A lors, malheureusement, entre

les textes et la réalité, entre les

principes et les contingences

pratico-financières, il y a encore une marge… Et

parfois des fossés qui s’agrandissent de jour en

jour. Dix ans après, quel bilan peut-on tirer de la

loi de 2005 ? Nous avons choisi, dans ce livre, de

donner la parole à des personnes concernées,

pour certaines adultes au moment de l’adoption

de la loi, pour d’autres ayant grandi avec elle.

À travers ces témoignages, nous ne prétendons

pas à l’exhaustivité ou à un bilan « scientifique »

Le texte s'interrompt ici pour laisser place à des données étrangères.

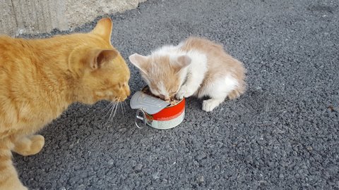 길고양이 밥주니깐 새끼가 엄마 밀어내고 혼자먹네요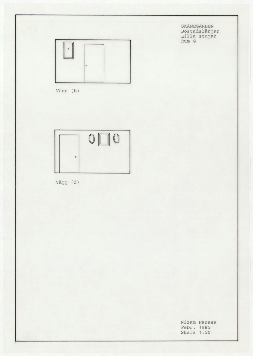 Titel: Skånegården. Bostadshuset. Detaljritning Lilla stugan Rum G. Vägg (b) Vägg (d) Skala 1:50

de la loi. Nous voulions d’abord faire partager

des parcours de vie et montrer la richesse des

capacités des personnes que l’on qualifie de

dépendantes. Ces témoignages montrent le

chemin parcouru depuis 2005 et le tournant

qu’a représenté cette loi sans laquelle aucun

de ces projets de vie n’aurait été possible. Ils

incarnent une aspiration à la liberté et à la

citoyenneté que notre société doit entendre.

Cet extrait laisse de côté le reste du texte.